=== Required work ===
From the line that contains "2、制作糖饼过程中,关注任务" through the end of the records below, write out each line exactly as it appears, but not the pictures.
===== Records shown =====
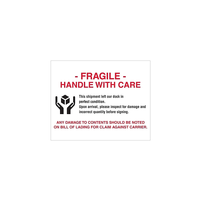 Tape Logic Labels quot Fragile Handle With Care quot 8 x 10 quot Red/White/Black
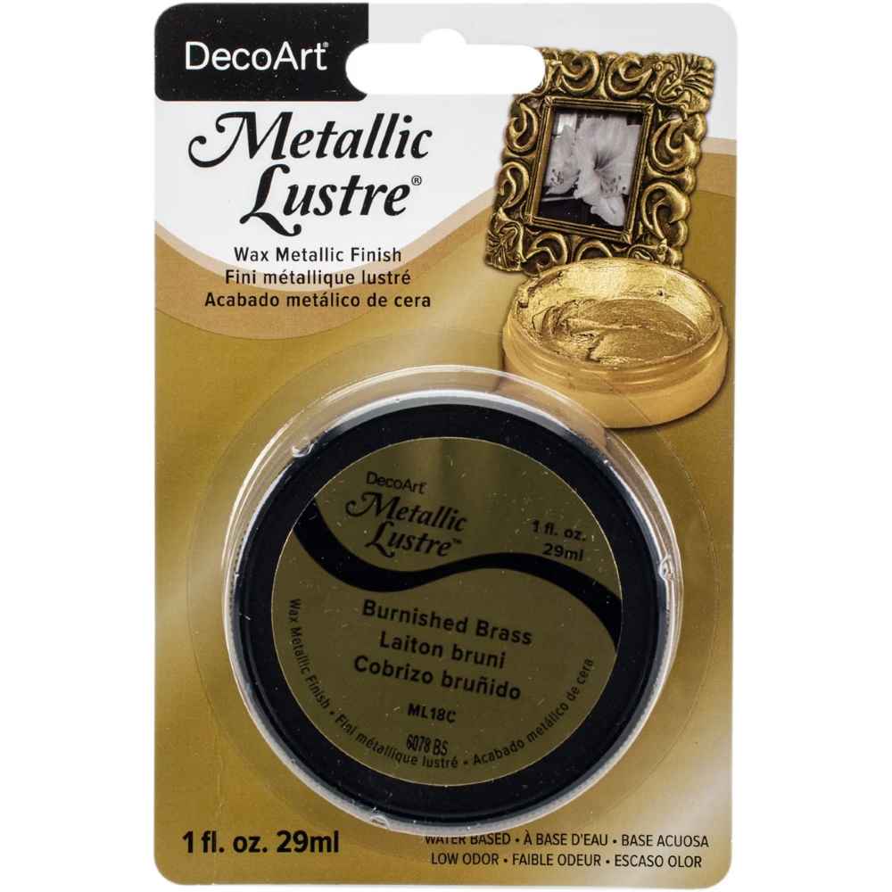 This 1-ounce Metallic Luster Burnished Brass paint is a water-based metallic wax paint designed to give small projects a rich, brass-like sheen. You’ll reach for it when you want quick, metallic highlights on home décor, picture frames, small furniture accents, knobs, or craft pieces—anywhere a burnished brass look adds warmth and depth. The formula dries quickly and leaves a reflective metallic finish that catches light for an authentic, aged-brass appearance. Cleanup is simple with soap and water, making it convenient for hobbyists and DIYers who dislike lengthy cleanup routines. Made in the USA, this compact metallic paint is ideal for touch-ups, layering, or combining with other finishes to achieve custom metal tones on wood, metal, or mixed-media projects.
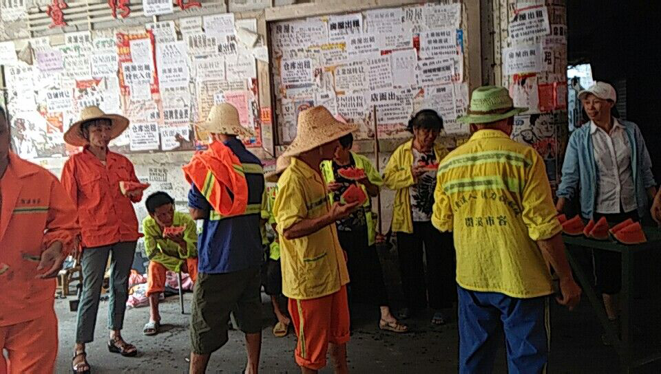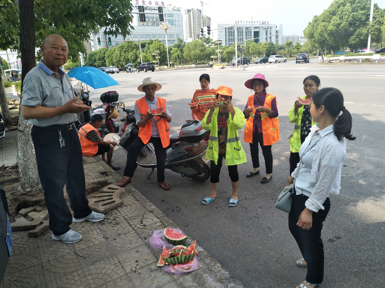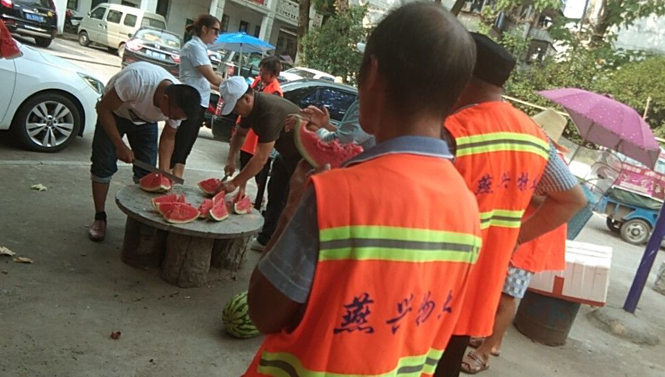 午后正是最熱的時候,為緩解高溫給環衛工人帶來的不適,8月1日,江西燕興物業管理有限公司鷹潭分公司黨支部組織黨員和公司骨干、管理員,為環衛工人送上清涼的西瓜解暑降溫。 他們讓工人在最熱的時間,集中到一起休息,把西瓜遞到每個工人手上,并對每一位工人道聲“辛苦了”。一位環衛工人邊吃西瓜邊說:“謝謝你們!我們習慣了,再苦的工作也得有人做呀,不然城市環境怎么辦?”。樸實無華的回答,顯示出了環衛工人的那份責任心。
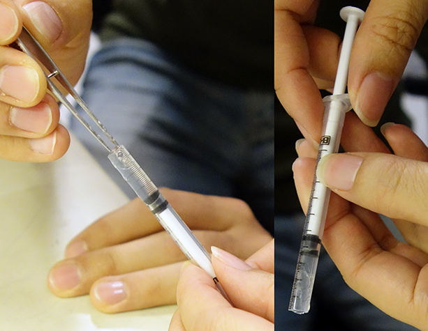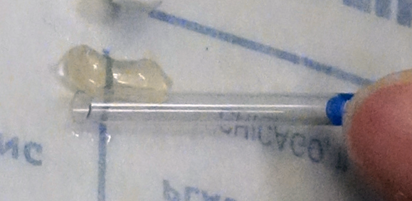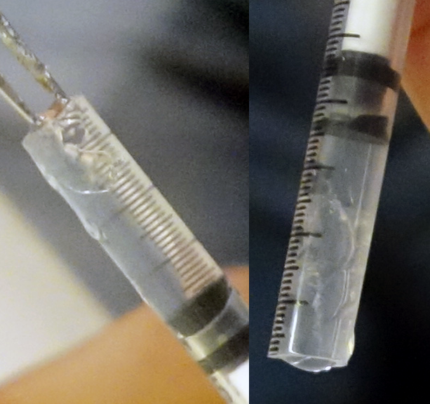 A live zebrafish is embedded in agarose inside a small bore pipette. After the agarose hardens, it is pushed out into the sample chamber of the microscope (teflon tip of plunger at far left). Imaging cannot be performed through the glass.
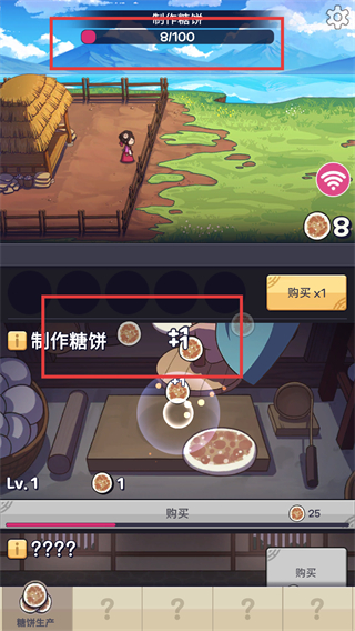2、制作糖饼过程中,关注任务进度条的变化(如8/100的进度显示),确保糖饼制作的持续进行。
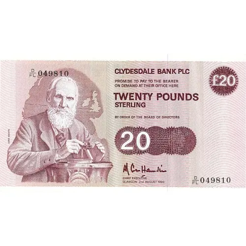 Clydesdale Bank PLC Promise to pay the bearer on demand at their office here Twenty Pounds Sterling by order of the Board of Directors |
=====
=== Response area ===
2、制作糖饼过程中,关注任务进度条的变化(如8/100的进度显示),确保糖饼制作的持续进行。
 Clydesdale Bank PLC Promise to pay the bearer on demand at their office here Twenty Pounds Sterling by order of the Board of Directors |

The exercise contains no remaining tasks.